In his humiliation he was deprived of justice.
Who can speak of his descendants?
For his life was taken from the earth.”

Acts 8:32-33 NIV

Now we don’t know every detail about what Philip told this Ethiopian treasurer. We know that he started with Isaiah 53 and began to preach the Gospel of Jesus, and his message must have included baptism. But I would guess that Philip also had this Ethiopian foreigner, this eunuch, read Isaiah 56.

Let no foreigner who is bound to the Lord say,
“The Lord will surely exclude me from his people.”
And let no eunuch complain,
“I am only a dry tree.”
For this is what the Lord says:
“To the eunuchs who keep my Sabbaths,
who choose what pleases me and hold fast to my covenant—
to them I will give within my temple and its walls a memorial and a name
better than sons and daughters;
I will give them an everlasting name
that will endure forever.
And foreigners who bind themselves to the Lord
to minister to him,
to love the name of the Lord,
and to be his servants,
all who keep the Sabbath without desecrating it
and who hold fast to my covenant—
these I will bring to my holy mountain
and give them joy in my house of prayer.
Their burnt offerings and sacrifices will be accepted on my altar;
for my house will be called
a house of prayer for all nations.” The Sovereign Lord declares—
he who gathers the exiles of Israel:
“I will gather still others to them
besides those already gathered.”

Isaiah 56:3-8 NIV

This is the same passage Jesus referenced when he overturned the tables in the Temple. This very practice of excluding “differents” is what so offended Jesus that he pronounced condemnation and destruction upon the Temple. The words of God recorded in Isaiah 56 remind us of God’s plan all along. It was never about God blessing one people group, but rather bringing blessing and salvation to all nations by working through one nation. God is not in the exclusion business. He wants everyone to be saved! The Spirit leads where He wants, and it doesn’t always match our plans.

Whereas the Temple authorities would have prohibited the Ethiopian eunuch from joining their assembly, Philip lays no such barrier.

As they traveled along the road, they came to some water and the eunuch said, “Look, here is water. What can stand in the way of my being baptized?”

Acts 8:36 NIV

What can stand in the way of my being baptized? Absolutely nothing! All are welcome in Christ’s Kingdom! He died for all people! And his table is open for all!

So what are you waiting for? What’s keeping you on the outside? Most people I’ve met think that they will be excluded, or not welcomed because of their past. They believe that even though they want to follow Christ and join his family, they won’t be accepted. But that’s not how our God operates! Our Savior doesn’t just save good people (and none of us are good), he saves messed up people like you and me!
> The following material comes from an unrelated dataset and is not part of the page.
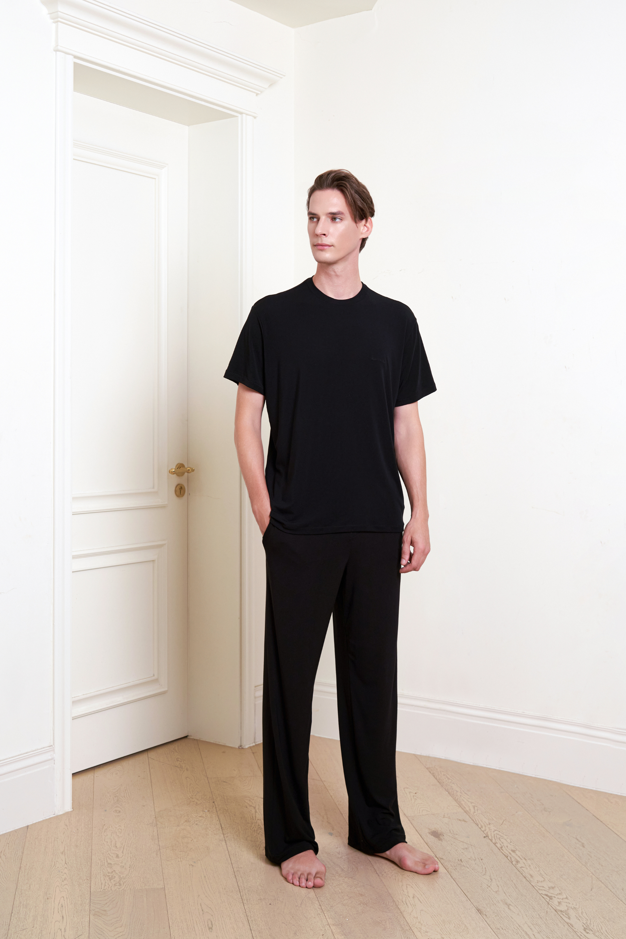 Tailored from a blend of mulberry silk and modal silk knit fabrics, the Basic Long Black Pyjama Trousers is a custom-designed attire that offers a soft, comfortable, and stretchy feel. These trousers can be paired seamlessly with tops from the corresponding collection.

Jesus died to save those who struggle with sexual sins, idolatry, homosexuality, theft, greed, drunkenness, foul language, and every other imaginable sin. As a matter of fact, that list describes the makeup of the early church! The difference is they were washed and made clean through Christ. They didn’t stay in their sins because someone welcomed them and taught them about Christ. You’ll never look into the eyes of someone Christ didn’t die for. You’ll never find someone God doesn’t want to save. So why would we ever turn someone away?
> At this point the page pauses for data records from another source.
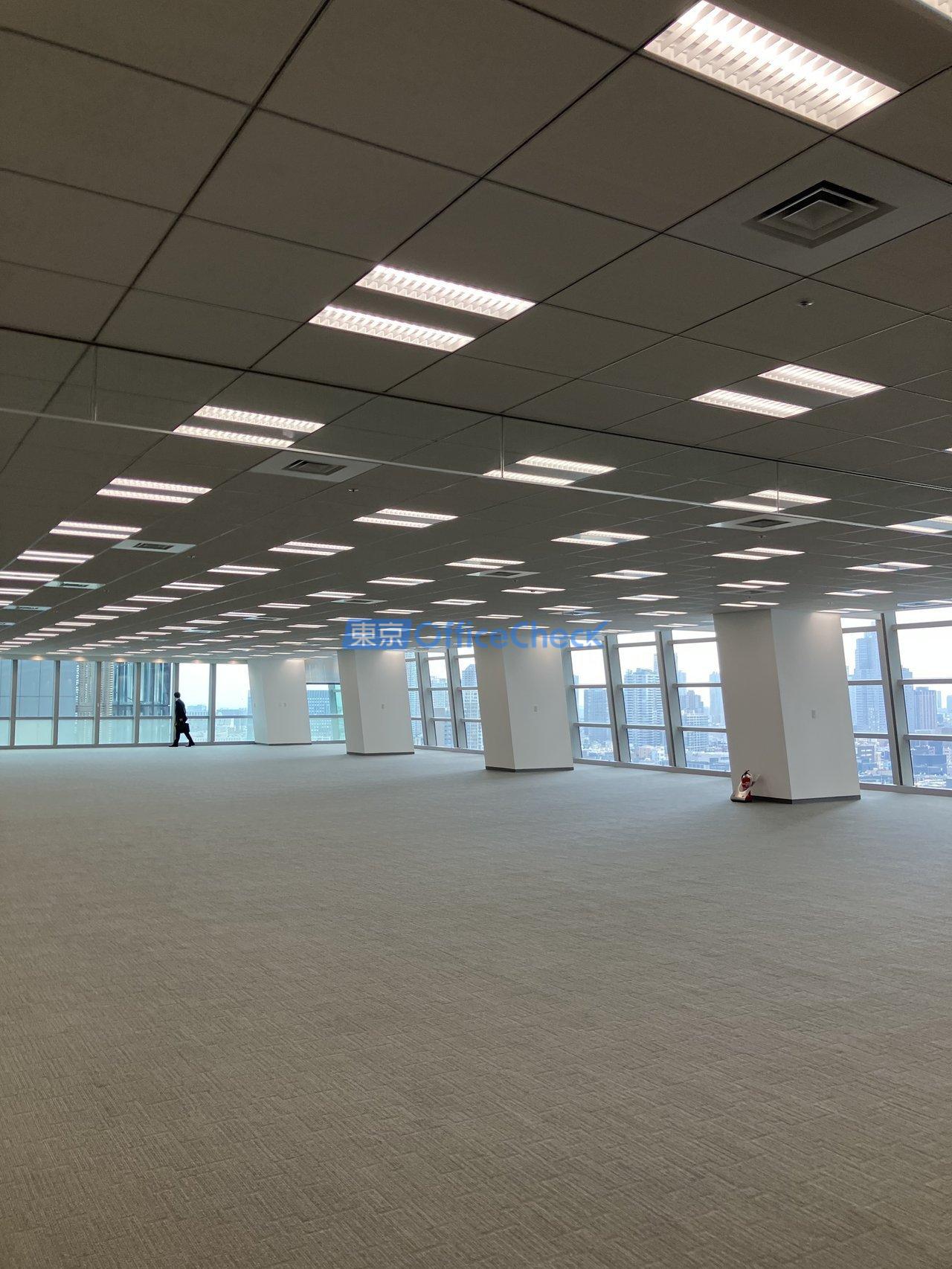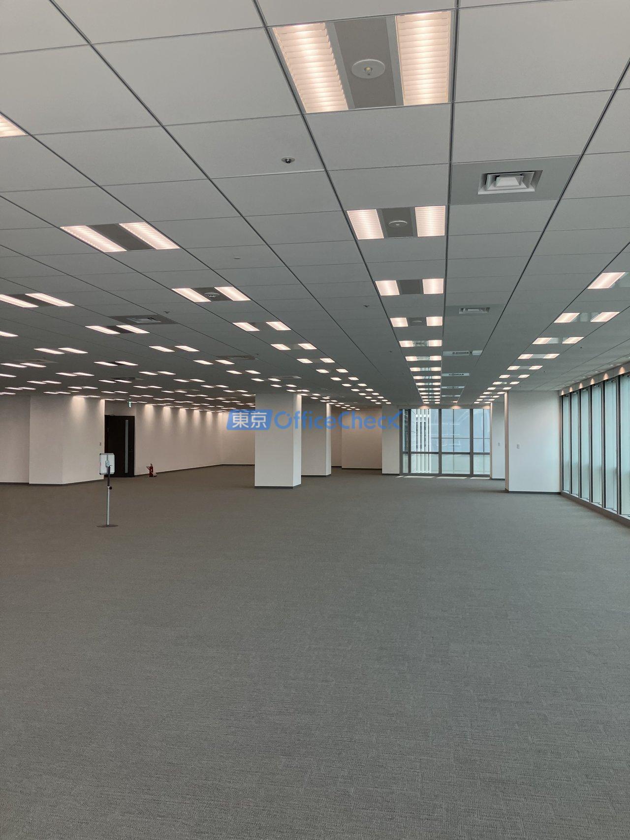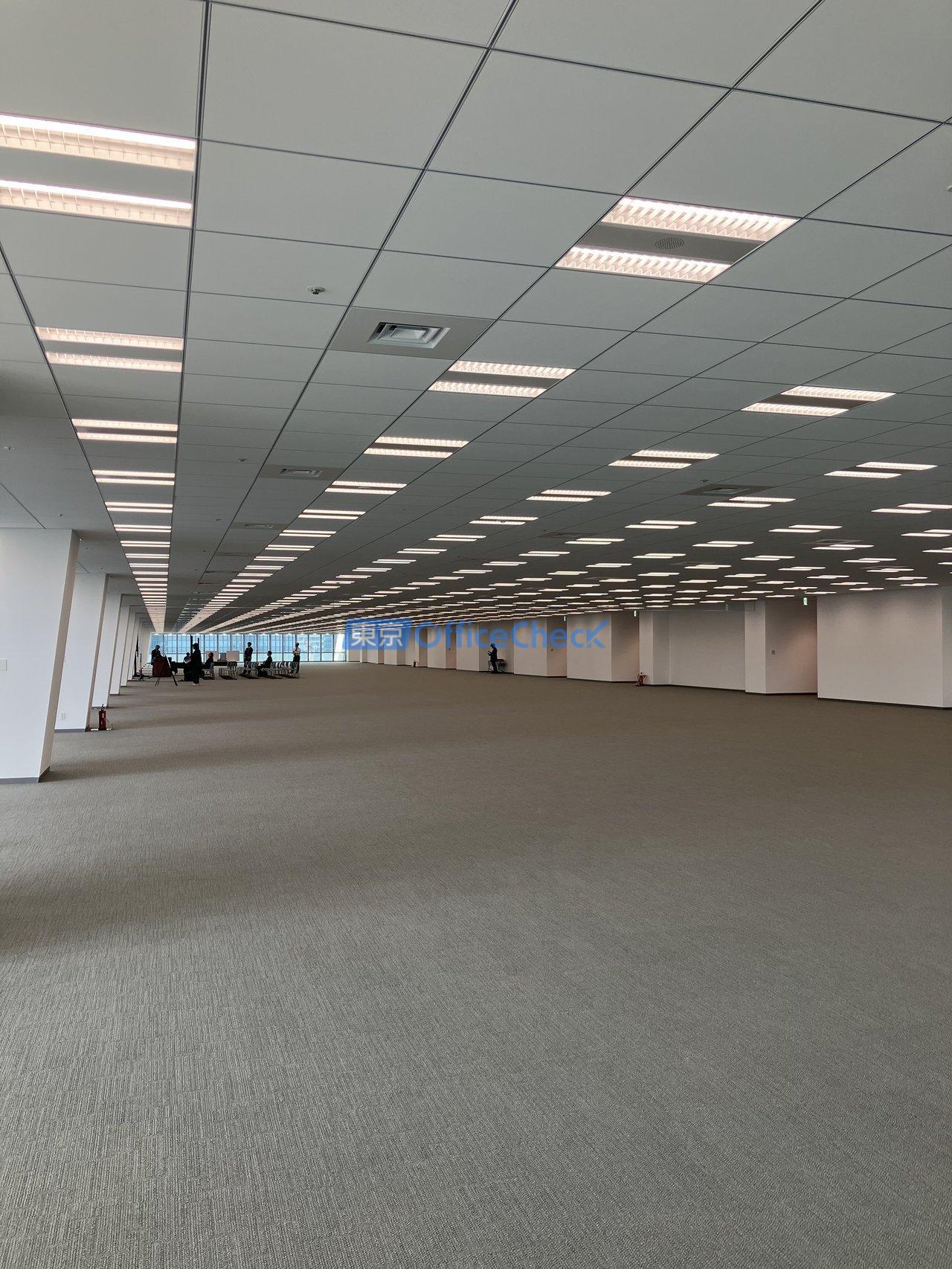 床荷重は500kg/㎡と高い水準を確保しており、サーバールームの設置や大量の書類・機材を扱う業種にも対応できます。空調はフロアを33区分した可変風量方式(VAV)の個別空調を採用しており、エリアごとに細かく温度調整が可能なため、大フロアでも快適な室内環境を維持できます。グリッド型システム天井の採用により、照明・空調の配置変更もレイアウトに合わせて効率的に行える設計です。
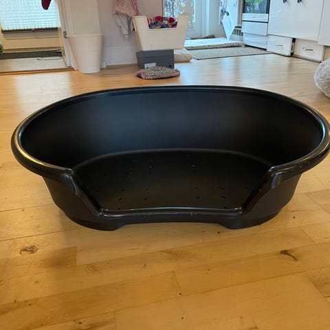 Plast hundekurv i sort. Oval model med lav indstigning foran og ventilationshuller i bunden. Egnet til brug indendørs som liggeplads til hund. Kan bruges med løs pude eller tæppe efter behov.
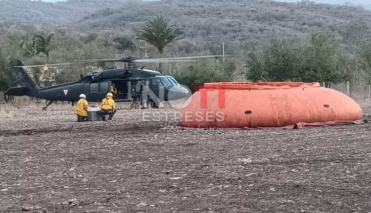 Explicó que el helibalde no se abastece de la Laguna de Tuxpan, porque está muy retirado del incendio y resulta más práctico el tanque colapsable.

If you haven’t joined a church family, why not? Become a member of a community of Christ today! Get plugged in and get about the business of welcoming others into the family!

And if you haven’t accepted Jesus as your Lord and Savior, and you haven’t committed your life to him, then the words of this Ethiopian eunuch apply to you. What can stand in the way of you being baptized? Absolutely nothing!

Join God’s family today!

Unity of the Differents

“Make every effort to keep the unity of the Spirit through the bond of peace.”

Ephesians 4:3 NIV

DEVOTIONAL

While writing to a church divided along racial lines (Jew & Gentile), Paul could have easily counseled the Christians to get along on a surface level, but worship separately since their customs and world views were just too different.

But Paul didn’t do that.

Instead, he reminds them of where their source of unity comes from instead. Their unity isn’t found in their ethnicity, or identical worship styles, or political views, or socioeconomic status. Their unity comes through their shared faith. Paul goes on to remind us that even though we are very different in some ways, we are ultimately the same in what God has done for us.

“There is one body and one Spirit, just as you were called to one hope when you were called; one Lord, one faith, one baptism; one God and Father of all, who is over all and through all and in all.”

Ephesians 4:4-6 NIV

Just because we may be from different places doesn’t mean our baptism was different. Just because we may not look the same doesn’t mean we serve a different Lord. Just because we vote differently doesn’t mean we have a different hope.

Because we place God first and above all, we share all of this in common. And it is here in our undivided commonality of faith that we find our unity.

PRAYER

Lord, make us instruments of your peace. Help us remember that our baptism was an act of surrender, and allegiance to you alone. Help us listen to the unifying voice and guidance of the Spirit every day, for when we all listen to you, we will be one. Help us love one another, and truly be your children by showing the world your peace. Through the name and power of our Lord and Savior, Jesus. Amen.

Finding Unity in Diversity

Most congregations don’t understand unity. We understand uniformity, but not unity. This is why we have so many church buildings, each full of people who are largely the same with very little difference. If you like this music, go to that church. If you like this translation of the Bible, go to that other church. Most congregations understand uniformity, but not unity.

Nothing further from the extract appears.